Great minds behind two global brands
Businessmen Clement Kwok King-man and Keith Griffiths have barely crossed paths on their way to bringing their companies on to the global stage, but they have one thing in common - an ability to build their brands.
Mr Griffiths is the Asia and Middle East chairman of architectural design firm Aedas. He helped found the Aedas brand seven years ago and presided over its rapid emergence as the world's No2 architectural practice.
Mr Kwok is the chief executive of Hongkong and Shanghai Hotels, owned by the Kadoorie family. Although an accountant by training, he, too, is an architect in another sense - helping design the international reach of the 143-year-old Peninsula hotel group.
Hongkong and Shanghai Hotels won the international award at the 2008 DHL/SCMP Hong Kong Business Awards, while Mr Griffiths won the owner-operator award.
Last Friday, they both addressed South China Morning Post readers at Meet the Corporate Architects, a series of monthly events run by this newspaper, DHL and the Hong Kong General Chamber of Commerce, revealing how they grew their businesses beyond their home turf of Hong Kong.
Hongkong and Shanghai Hotels is the owner and operator of eight Peninsula hotels in Asia and the United States, a golf lodge in California and prime investment properties in Hong Kong.
Elegance and exclusivity are trademarks of the Peninsula, which in the popular mind is perhaps best known for having one of the world's largest fleets of Rolls-Royce limousines - a total of 18 in its Hong Kong, Tokyo and Beijing hotels.
'Globalisation happened late in the company's life and at a slow pace,' said Mr Kwok, a prime mover in Peninsula's expansion in Tokyo, Shanghai and Paris since joining the group in 2002.
Other global hotel firms take minimum risk by acting as a hotel operator and then maximising the number of properties, many of which resemble office complexes.
'We look for an exceptional and prime location that can house 200 to 400 rooms, offer grand and gracious services that reflect a strong local culture,' Mr Kwok said. 'We want guests to wake up in the morning and know where they are.'
A case in point is the 100 per cent-owned Peninsula Tokyo, a 13 billion yen (HK$1 billion) project opened in 2007 after more than five years of planning of every detail.
Property developer Mitsubishi Estate was looking for a high-end hotel to be a key component in its rejuvenation of the Marunouchi, the business district neighbouring the Imperial Palace and the popular Ginza shopping district.
The landlord was betting on the 'Peninsula effect', which comes from the hotel being the popular see-and-be-seen place, especially during its British afternoon teas.
This autumn, Hongkong and Shanghai Hotels is due to return to its Shanghai origins when a 235-room Peninsula will serve its first guest at the historic Bund.
'Everyone knows all the existing buildings on the Bund are protected as heritage structures,' Mr Kwok said of the US$361 million project. 'The Peninsula is the only new building along the Bund.
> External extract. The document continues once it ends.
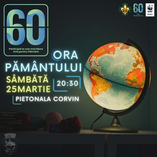 Sâmbătă, 25 martie, de la ora 20:30, împreună cu Cercetașii României - Hunedoara, vom opri, timp de o oră, iluminatul arhitectural al Casei de Cultură și de pe Pietonala Corvin , precum și de pe strada George Enescu (parțial).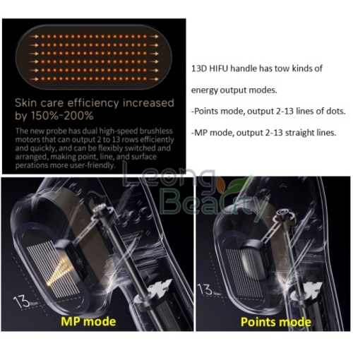 Một loại có tên là 13D HIFU, nócó thể xuất ra 2-13 dòng có thể điều chỉnh và nó có hai chế độ.

It is a very meaningful project to the Kadoorie family, which first settled down and traded there before heading for Hong Kong.'
In 2012, the Peninsula will set foot in Europe for the first time with the opening of a Euro250 million (HK$2.7 billion) hotel in a century-old building adjacent to the Champs-Elysees in Paris.
The Peninsula's conservative expansion strategy does not mean it lagged in technology.
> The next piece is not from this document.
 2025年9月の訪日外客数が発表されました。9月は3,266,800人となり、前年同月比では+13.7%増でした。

'We were the first hotel to have televisions in bathrooms 15 years ago,' he said. 'We had hands-free phones in the bathrooms as well, which automatically mute the sound of running water and the television. When you pick up the phone, nobody knows you are having a bath and watching the television.'
All the attention to luxury and detail has paid off over time, said Mr Kwok. 'As the owner of the hotels, we create long-term value.'
In 1929, a year after it opened, the Peninsula Hong Kong was valued at HK$4 million. Having grown with the economy and emerged as a landmark in Kowloon, it was worth HK$8.9 billion at the end of last year.
But for Mr Griffiths of Aedas, 81 years is a bit too long.
After a humble debut in 1985, Aedas transformed itself in 2002 through mergers into a global firm with 40 offices in 18 countries, employing 2,500 architects.
It generated US$239 million in revenues last year, up 48.4 per cent from 2007. Aedas is the architect of the Sunny Bay MTR station on Lantau and is redeveloping the White Swan Hotel in Guangzhou - the mainland's first foreign hotel.
'When I started my office in 1985, I wanted the company to be international but never thought it would become the world's second-largest,' said Mr Griffiths, a well-groomed Welsh architect who studied the subject at Cambridge. 'But there were setbacks, many setbacks.'
After losing one of three core clients in 1989, Mr Griffiths said he woke up to the fact that his practice had to diversify - both in geography and in the number of clients.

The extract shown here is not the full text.